Problems with the proposed solution:

It is possible that an email provider could sell access to an email message, only to later find that a user now wants that email message permanently deleted.

A formal governing body would have to be established to set auditing rules, and this is both expensive and problematic.

The system does not account for email that leaves the system of voluntary participants.

When senders include the "copy the original" option in email, copies of deteled emails may still exist attached the body of extant email messages that have not been deleted.

Conclusions:

Conclusion: Auditing-verified permanent deletion of email is feasible. It is ethical under Social Contract Theory. For these two reasons it should be adopted.

Summary: In this paper we have given the details of an email system in which participating providers would voluntarily agree to audits guaranteeing that the email deletions of users are permanent.

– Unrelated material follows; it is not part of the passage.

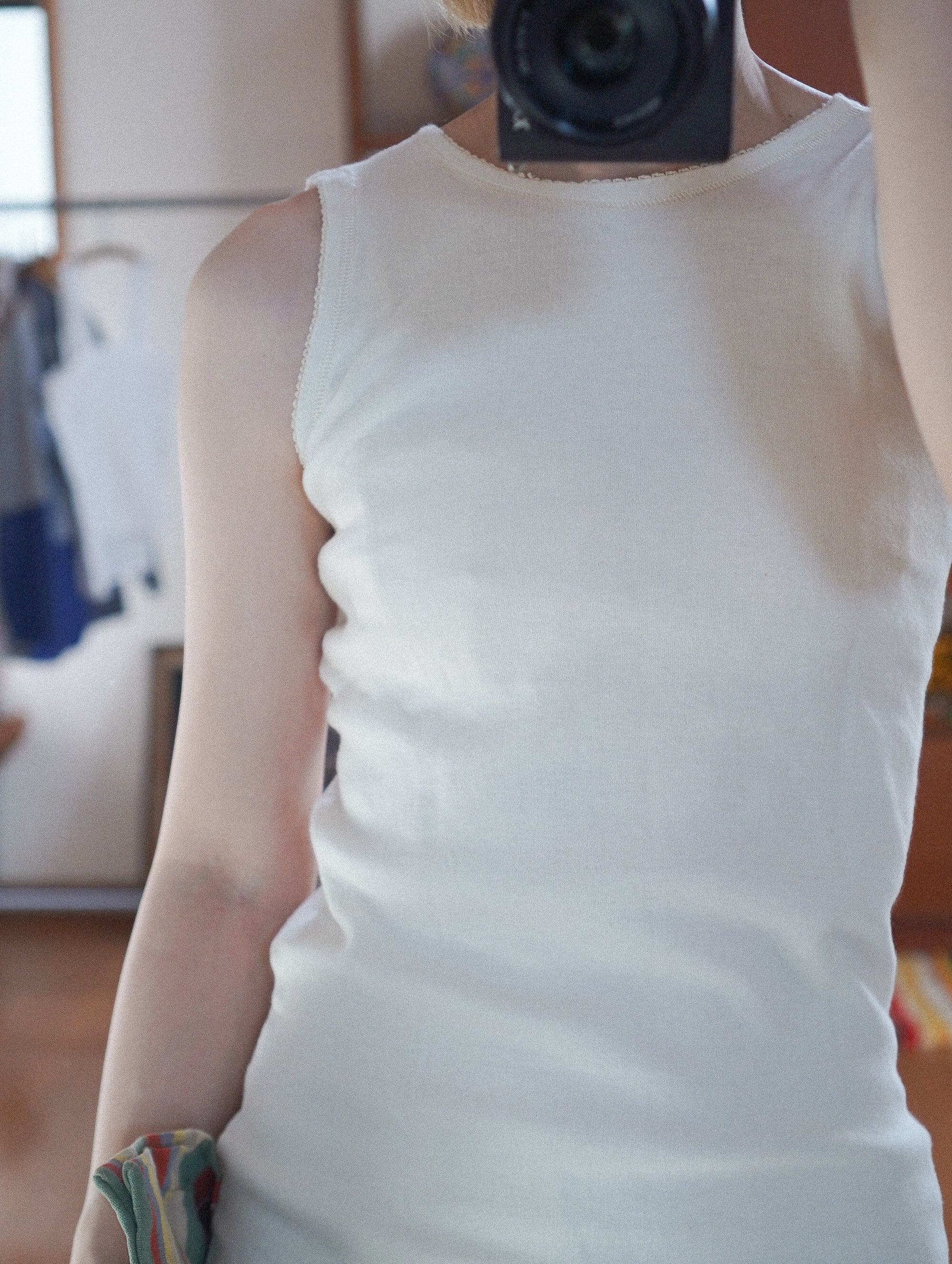 一枚でさらっと着るのはもちろん、レイヤードもたのしませてくれる万能アイテム。/vintage cotton scallop tank top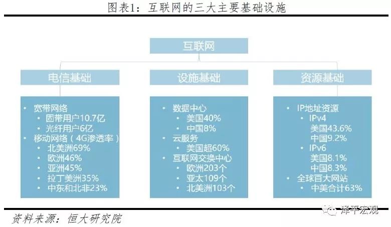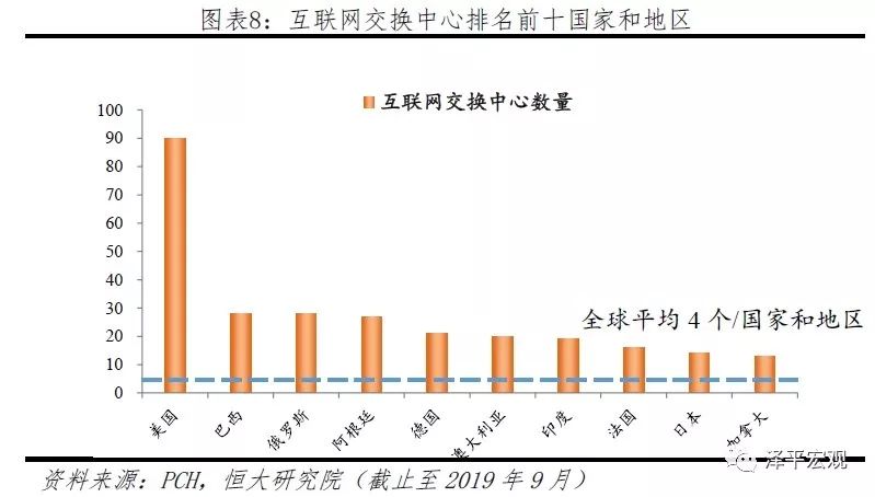 随着联网用户增多,以数据中心为代表的存储设备、以云服务为代表的应用平台、以互联网交换中心为代表的交换设施成为关键。从设施数量、服务能力、技术实现度、市场渗透率等来看,截止2018年年底,美国拥有数据中心172座、云市场占比超60%、活跃交换中心90个,均为世界第一。此外,以微软、思科、惠普等为代表的美国企业垄断核心软件和硬件供应。中国发展迅速,目前拥有数据中心35座、云市场占比超4%、活跃交换中心8个,但由于业务主要集中大陆市场、部分领域被国企垄断缺乏竞争,具有局限性,与美国仍存在较大差距。

We discussed specific threats to society such as the example of John where information from a permanet email message was used in an unethical context. Our proposed solution was shown in five detailed ways to be technically feasible. We showed that our solution is ethical under the specific constraints of Social Contrat Theory, including Rawl's Theory of Justice. Lastly we raised concerns that might be encountered with such a system.


Note: In this outline we used an organization that includes sections, statement of the problem, a proposed solution, an analysis, and so on. Your structure might be quite different. It is up to you. As long as the result is clear, there are many good ways to go about creating a structure.

In general, once your outline is clear, with a suitable structure, most of the hard work is finished.